His foot was on the threshold of the stairway door when Judson overtook him.

"Mac told me to report to you when I couldn't get at him," the ex-engineman began abruptly. "There's something hatching, but I can't find out what it is. Are you thinking about goin' out on the road anywhere to-night, Mr. Lidgerwood?"

Lidgerwood's decision was taken on the instant.

"Yes; I think I shall go west in my car in an hour or so. Why?"

"There ain't any 'why,' I guess, if you feel like goin'. But what I don't savvy is why them fellows back yonder in the waitin'-room are so dead anxious to find out if you are goin'."

As he spoke, a man who had been skulking behind a truck-load of express freight, so near that he could have touched either of them with an out-stretched arm, withdrew silently in the direction of the lunch-room. He was a tall man with stooping shoulders, and his noiseless retreat was cautiously made, yet not quite cautiously enough, since Judson's sharp eyes marked the shuffling figure vanishing in the shadow cast by the over-hanging shelter roof of the station.

"By cripes!—look at that, will you?" he exclaimed, pointing to the retreating figure. "That's Hallock, and he was listening!"

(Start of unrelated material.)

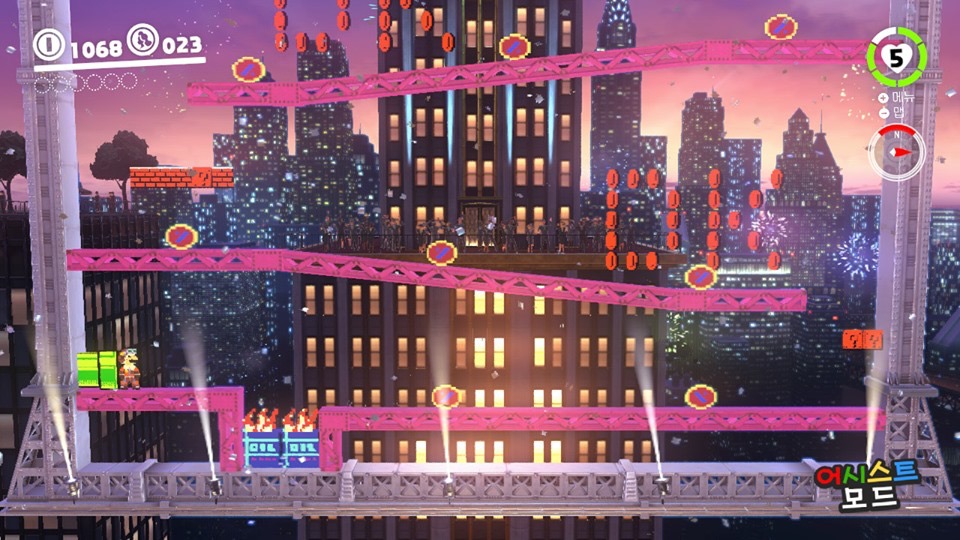 의욕적으로 만든 새로운 요소를 애써 한번에 소비하지 않고, 게임의 마무리에도 다시금 꺼내들고 상기하게 하고 그것을 유용하게 하는 반복 연출도 감탄이었다. 역시나 1회 차는 튜토리얼. 거듭된 업데이트로 통해 추가되는 코스츔, 아직도 왕국 별로 산적해 있는 파워 문과 퍼플 코인, 풍선미션 등 징그럽고 익숙한 닌텐도 방식도 한숨이 나오게 한다.

Lidgerwood shook his head.

"No, that isn't Hallock," he denied. And then, with a bit of the man-driving rasp in his voice: "See here, Judson, don't you let McCloskey's prejudices run away with you; make a memorandum of that and paste it in your hat. I know what you have been instructed to do, and I have given my consent, but it is with the understanding that you will be at least as fair as you would be if McCloskey's bias happened to run the other way. I don't want you to make a case against Hallock unless you can get proof positive that he is disloyal to the company and to me; and I'll tell you here and now that I shall be much better pleased if you can bring me the assurance that he is a true man."

"But that was Hallock," insisted Judson, "or else it was his livin' double."